> **DATA RECORDS**:

•••

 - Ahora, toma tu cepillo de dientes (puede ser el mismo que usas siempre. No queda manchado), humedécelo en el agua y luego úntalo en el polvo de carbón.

•••

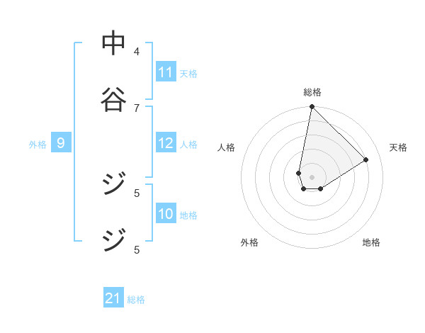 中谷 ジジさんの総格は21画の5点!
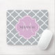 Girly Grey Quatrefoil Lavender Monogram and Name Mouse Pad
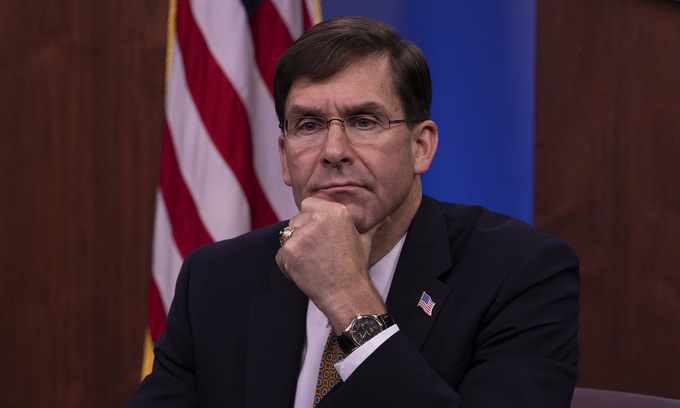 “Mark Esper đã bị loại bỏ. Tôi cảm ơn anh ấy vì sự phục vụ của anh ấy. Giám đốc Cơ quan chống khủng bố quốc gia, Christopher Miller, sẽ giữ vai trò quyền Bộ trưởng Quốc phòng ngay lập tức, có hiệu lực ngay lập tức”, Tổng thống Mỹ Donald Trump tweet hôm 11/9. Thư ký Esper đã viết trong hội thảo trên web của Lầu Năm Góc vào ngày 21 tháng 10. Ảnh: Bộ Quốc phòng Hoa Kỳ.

•••

Write out the lines above from the one with "Girly Grey Quatrefoil" through the one with "phòng Hoa Kỳ.", ends included, exactly; no picture goes in.

 Girly Grey Quatrefoil Lavender Monogram and Name Mouse Pad
 “Mark Esper đã bị loại bỏ. Tôi cảm ơn anh ấy vì sự phục vụ của anh ấy. Giám đốc Cơ quan chống khủng bố quốc gia, Christopher Miller, sẽ giữ vai trò quyền Bộ trưởng Quốc phòng ngay lập tức, có hiệu lực ngay lập tức”, Tổng thống Mỹ Donald Trump tweet hôm 11/9. Thư ký Esper đã viết trong hội thảo trên web của Lầu Năm Góc vào ngày 21 tháng 10. Ảnh: Bộ Quốc phòng Hoa Kỳ.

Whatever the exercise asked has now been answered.